Even if readers go no further than this short introductory section, they will be much wiser than before. But for those who want more information, there follows chapters that detail the structure of fats, the different types of fats and oils, the role of cholesterol in the body and problems with low fat diets. Particularly interesting are discussions on your brain’s absolute dependence on fat and how eating fat can assist with weight loss. The authors point out that getting enough fat affects mood and behavior, cognitive function, mental acuity, focus and clarity. Low fat diets can lead to depression, reduced mental capacity and behavior problems. Cholesterol is concentrated in the myelin sheath so attempts to reduce cholesterol can lead to serious degenerative disorders of the nervous system, including multiple sclerosis and dementia.

Brownstein and Shenefelt devote a whole chapter to the subject of fats and children – for it is our children who are paying the greatest price for the anti-saturated fat, anti-cholesterol folly. Children’s brains need lots of fat and cholesterol for proper development. Children need butter, eggs, cream, cheese and meat fats, not margarine, spreads and low fat products.

The book ends with a nice collection of recipes dripping with butter, cream and cheese. Thumbs up.”

The message here, and in The Nutrition Debate #269, (just below) and in #20, “Know Your Dietary Fats,” and is #23, “The Benefits of Saturated Fats,” is that saturated fats are not only good but necessary fats. The fat soluble vitamins, A, D, E and K, require fat to absorb optimally. Message Two is that the refined vegetable oils, which are manufactured from primarily polyunsaturated fats, are bad for you; Read #21, “The Dangers of Polyunsaturated Fats.” But if you read nothing else, please read the Enig and Fallon article, “The Skinny on Fats.” If you take it to heart, as Morell says, it will be life changing and potentially life saving.
N.B.: A Senior Membership in the Weston A. Price Foundation is just $25 (Regular Membership $40). It’s a good thing.

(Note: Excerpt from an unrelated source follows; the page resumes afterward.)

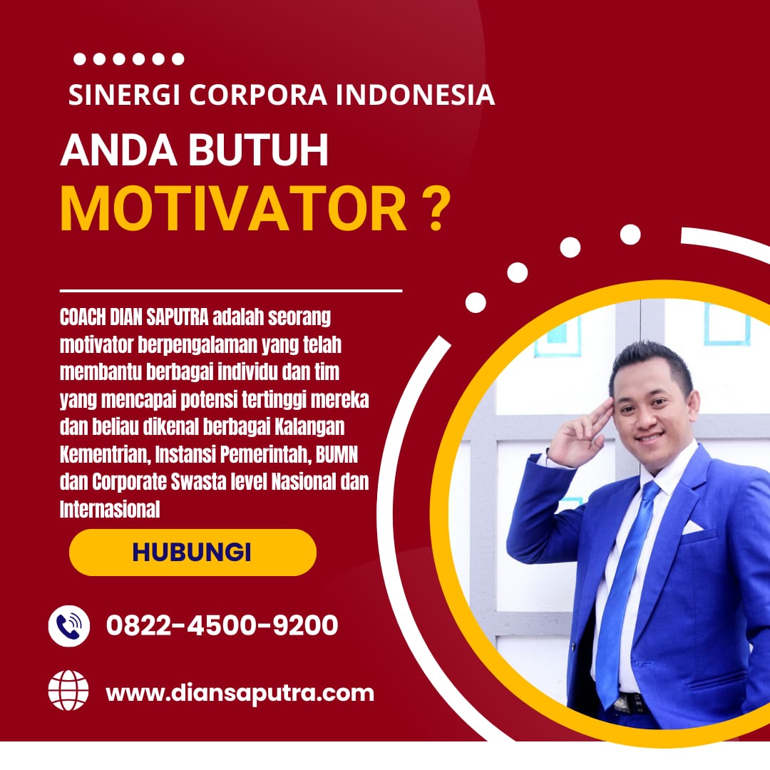 Anda Berada di Info Yang Tepat. Dian Saputra adalah seorang Motivator sekaligus Trainer sinergi corpora Indonesia yang sudah berpengalaman selama 13 Tahun. Coach Dian Saputra selalu memberikan materi yang fun dan Berdampak guna meningkatkan kinerja dan produktivitas SDM di Bisnis Anda. Coach Dian Saputra dikenal oleh Kalangan Corporate Seperti BUMN, Dinas Pemerintah, Kementerian, Hingga Corporate Swasta Lainnya berskala Nasional dan Internasional.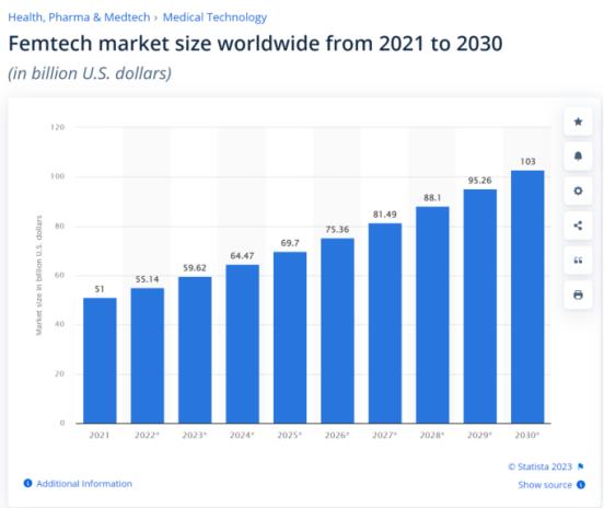 statista数据显示,2021年,全球女性科技市场价值约为510亿美元。据预测,到2030年,全球女性科技市场价值将达到1030亿美元,2022年至2030年复合年增长率为8.1%。

Wednesday, December 10, 2014

The Nutrition Debate #269: “Eat Good Fat”


In bold black letters on a yellow field, the post-card-sized thank you note said, “Eat Good Fat.” It was packed with my 32oz jar of Ancients Organics ghee. I eat a dab of ghee on salted radish halves, a sometimes snack before supper. It helps to get my supper k/g (ketogenic) ratio above 1.5, a desired ratio which I easily achieve at breakfast and lunch. I prefer Ancient Organics brand, although expensive, for its “delicious sweet and nutty flavor” and its “incredible caramelized aroma.” It’s also “cooked in small batches over open flames” and made from “milk of grass fed and pastured cows.” It’s really good fat!

But this is not a column about ghee. It’s about the roiling transformation in the world of nutrition concerning dietary fats in general and saturated fats in particular. Saturated fats are enjoying a Renaissance everywhere except in government and “public health” circles, principally the USDA and ACC/AHA. The reason simply is that these institutions have been bought and paid for by their commercial interest supporters. But this column is not another rant about that either. It is about two major scientific papers in influential medical journals that deserve more attention.

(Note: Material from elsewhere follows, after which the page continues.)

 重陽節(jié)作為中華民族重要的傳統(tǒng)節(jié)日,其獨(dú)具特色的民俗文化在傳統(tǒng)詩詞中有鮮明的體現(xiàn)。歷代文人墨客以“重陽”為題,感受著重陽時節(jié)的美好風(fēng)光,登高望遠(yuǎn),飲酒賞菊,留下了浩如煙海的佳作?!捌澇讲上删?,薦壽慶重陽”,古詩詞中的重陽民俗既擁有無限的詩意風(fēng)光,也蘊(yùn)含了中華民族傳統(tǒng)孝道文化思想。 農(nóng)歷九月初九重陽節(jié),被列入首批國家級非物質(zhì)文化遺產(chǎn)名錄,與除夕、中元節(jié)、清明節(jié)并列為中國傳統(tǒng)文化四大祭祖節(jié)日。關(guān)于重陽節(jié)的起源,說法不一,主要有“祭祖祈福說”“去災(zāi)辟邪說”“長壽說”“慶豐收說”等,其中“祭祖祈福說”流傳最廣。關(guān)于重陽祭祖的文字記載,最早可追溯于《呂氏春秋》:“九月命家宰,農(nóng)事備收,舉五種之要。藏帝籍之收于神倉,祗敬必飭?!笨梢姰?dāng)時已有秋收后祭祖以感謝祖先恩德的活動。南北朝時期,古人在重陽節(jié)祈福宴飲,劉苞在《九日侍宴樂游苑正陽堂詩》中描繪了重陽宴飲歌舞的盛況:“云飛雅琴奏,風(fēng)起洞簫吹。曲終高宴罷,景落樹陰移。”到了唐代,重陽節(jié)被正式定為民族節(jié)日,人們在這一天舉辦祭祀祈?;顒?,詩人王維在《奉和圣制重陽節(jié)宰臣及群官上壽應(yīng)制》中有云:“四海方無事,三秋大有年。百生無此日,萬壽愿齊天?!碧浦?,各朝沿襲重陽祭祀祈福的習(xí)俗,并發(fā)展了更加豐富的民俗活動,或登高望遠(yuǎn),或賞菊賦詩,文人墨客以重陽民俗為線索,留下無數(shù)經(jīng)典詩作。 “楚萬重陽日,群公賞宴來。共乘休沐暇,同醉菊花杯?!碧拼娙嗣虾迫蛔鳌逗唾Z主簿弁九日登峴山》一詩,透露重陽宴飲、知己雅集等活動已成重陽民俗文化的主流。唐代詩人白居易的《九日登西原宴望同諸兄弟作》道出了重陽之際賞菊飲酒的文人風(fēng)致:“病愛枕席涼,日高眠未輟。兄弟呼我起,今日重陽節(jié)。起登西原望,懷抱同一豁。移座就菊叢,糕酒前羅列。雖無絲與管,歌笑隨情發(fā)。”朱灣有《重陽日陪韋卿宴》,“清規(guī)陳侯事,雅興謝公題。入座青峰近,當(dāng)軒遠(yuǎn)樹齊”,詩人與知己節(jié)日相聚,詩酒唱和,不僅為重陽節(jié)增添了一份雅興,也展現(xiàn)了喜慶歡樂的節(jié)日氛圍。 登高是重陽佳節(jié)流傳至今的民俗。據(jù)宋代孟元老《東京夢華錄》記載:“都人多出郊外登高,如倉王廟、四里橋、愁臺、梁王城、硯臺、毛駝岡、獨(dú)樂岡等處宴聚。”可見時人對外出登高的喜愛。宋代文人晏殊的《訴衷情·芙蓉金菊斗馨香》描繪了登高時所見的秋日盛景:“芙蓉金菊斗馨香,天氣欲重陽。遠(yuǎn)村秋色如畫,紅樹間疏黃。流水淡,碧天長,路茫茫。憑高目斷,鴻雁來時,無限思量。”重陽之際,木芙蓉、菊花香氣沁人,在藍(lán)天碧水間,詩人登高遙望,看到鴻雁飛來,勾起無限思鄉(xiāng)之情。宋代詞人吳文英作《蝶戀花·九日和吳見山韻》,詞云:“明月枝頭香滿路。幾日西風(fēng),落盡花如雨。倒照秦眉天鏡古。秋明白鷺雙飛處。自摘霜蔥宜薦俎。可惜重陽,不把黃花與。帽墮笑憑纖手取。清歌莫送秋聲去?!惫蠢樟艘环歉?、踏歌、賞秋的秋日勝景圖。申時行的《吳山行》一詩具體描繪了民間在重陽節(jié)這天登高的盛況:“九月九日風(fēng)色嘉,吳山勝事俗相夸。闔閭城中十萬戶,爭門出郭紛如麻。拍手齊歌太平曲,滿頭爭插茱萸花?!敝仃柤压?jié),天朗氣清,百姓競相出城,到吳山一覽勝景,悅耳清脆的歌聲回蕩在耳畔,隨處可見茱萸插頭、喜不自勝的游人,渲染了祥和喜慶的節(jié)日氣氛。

The first study was a really large mostly British meta analysis (643k participants), published last March in the Annals of Internal Medicine, of 49 observational studies and 27 randomized controlled trials, in part funded, by the way, by the British Heart Foundation. The title: “Association of Dietary, Circulating, and Supplement Fatty Acids with Coronary Risk: A Systematic Review and Meta-analysis. The CONCLUSION: “Current evidence does not clearly support cardiovascular guidelines that encourage high consumption of polyunsaturated fatty acids and low consumption of total saturated fats.”

The second study appeared in the British Medical Journal (BMJ) in 2013 and was titled, “Use of dietary linoleic acid for secondary prevention of coronary heart disease and death: Evaluation of recovered data from the Sydney Diet Heart Study and updated meta-analysis.” (“Secondary prevention” is to prevent a heart attack in those who already have heart disease. “Primary prevention” is for those who do not already have Coronary Heart Disease (CHD).) This Australian study concluded:

Advice to substitute polyunsaturated fats for saturated fats is a key component of worldwide dietary guidelines for coronary heart disease risk reduction. However, clinical benefits of the most abundant polyunsaturated fatty acid, omega 6 linoleic acid, have not been established. In this cohort, substituting dietary linoleic acid in place of saturated fats INCREASED THE RATES OF DEATH FROM ALL CAUSES, CORONARY HEART DISEASE, AND CARDIOVASCULAR DISEASE. An updated meta-analysis of linoleic acid intervention trials showed no evidence of cardiovascular benefit. These findings could have important implications for worldwide dietary advice to substitute omega 6 linoleic acid, or polyunsaturated fats in general, for saturated fats.” (Emphasis added by me, obviously. I wish I could just SHOUT IT FROM THE ROOFTOPS!)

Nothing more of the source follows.